简体繁体 English

具有过滤后的参考表的SSIS查找

[英]SSIS Lookup with filtered reference table

原文 2010-06-09 15:10:56 5 1 ssis/ performance/ filtered-lookup

I am trying to improve the performance of a SSIS Package. 我试图改善SSIS包的性能。

One thing I got startted with is to filter the reference table of the Lookups. 我开始做的一件事是过滤查阅的参考表。 Until now, I was using a table as a reference table for that lookup. 到目前为止，我一直使用表作为该查询的参考表。

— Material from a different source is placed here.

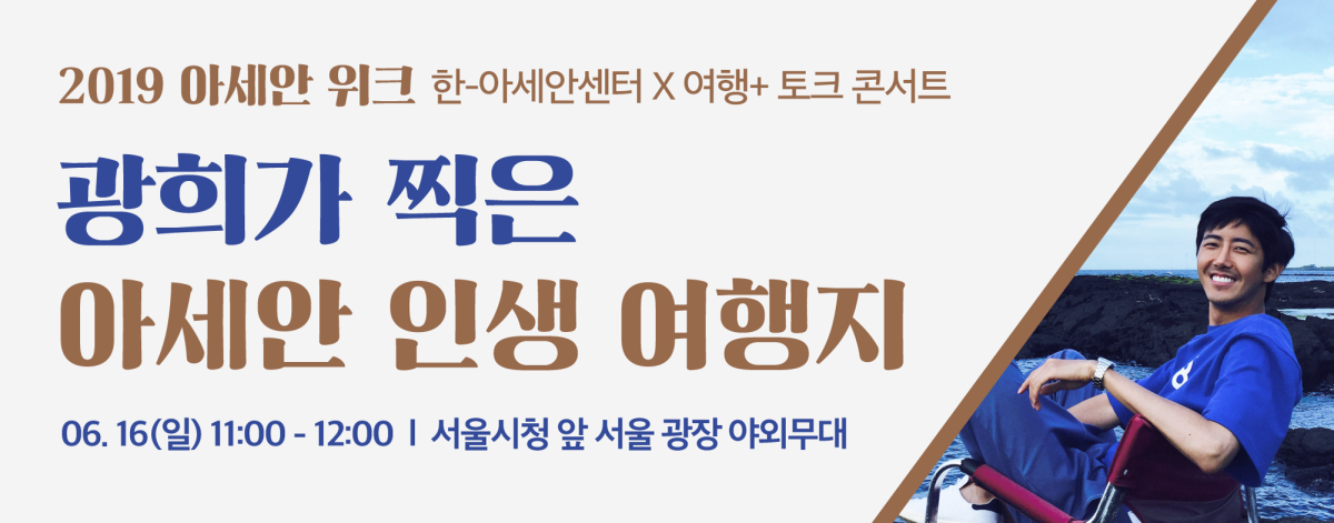 한-아세안센터와 네이버 여행플러스가 함께 아세안위크 3일차 행사, 아세안여행토크쇼 “광희가 찍은 아세안 인생 여행지”에 여러분을 초대합니다.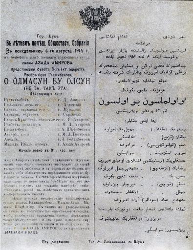 Keywords: O olmasın, bu olsun.jpg ru П ог амма одного из спектаклей музыкальной комедии О олмасын бу олсун If Not That One Then This One Шуша 1914 год Эльми а Абасова Узеи Гаджибеков Баку Азе байджанское госуда ственное издательство 1975 page 96 Типог афия Бабаджанова в Шуше 1914 PD-old Uzeyir Hajibeyov Music of Azerbaijan If Not That One Then This One Theatre of Azerbaijan |

First improvment was to change the table to a SQL clause that is selecting just the columns I need from that table. 第一个改进是将表更改为SQL子句，该子句仅从该表中选择我需要的列。

Next, I want to load in this table just the records I know I'll use for sure. 接下来，我只想将肯定会使用的记录加载到该表中。 If I'm maintaining it in this state, I will get to load 300 000 lines or more (huge lines with binary content of around 500 kb each) and use just around 100 of them. 如果将它保持在这种状态，我将加载30万行或更多（巨大的行，每个行的二进制内容约为500 kb），并仅使用其中的100条。

I would put some filters in the SQL query that sets the reference table of the lookup, BUT, in that filter I need to use ALL the ids of the rows loaded in my OLE DB source. 我将在设置查询引用表的SQL查询中放入一些过滤器，但在该过滤器中，我需要使用OLE DB源中加载的行的所有ID。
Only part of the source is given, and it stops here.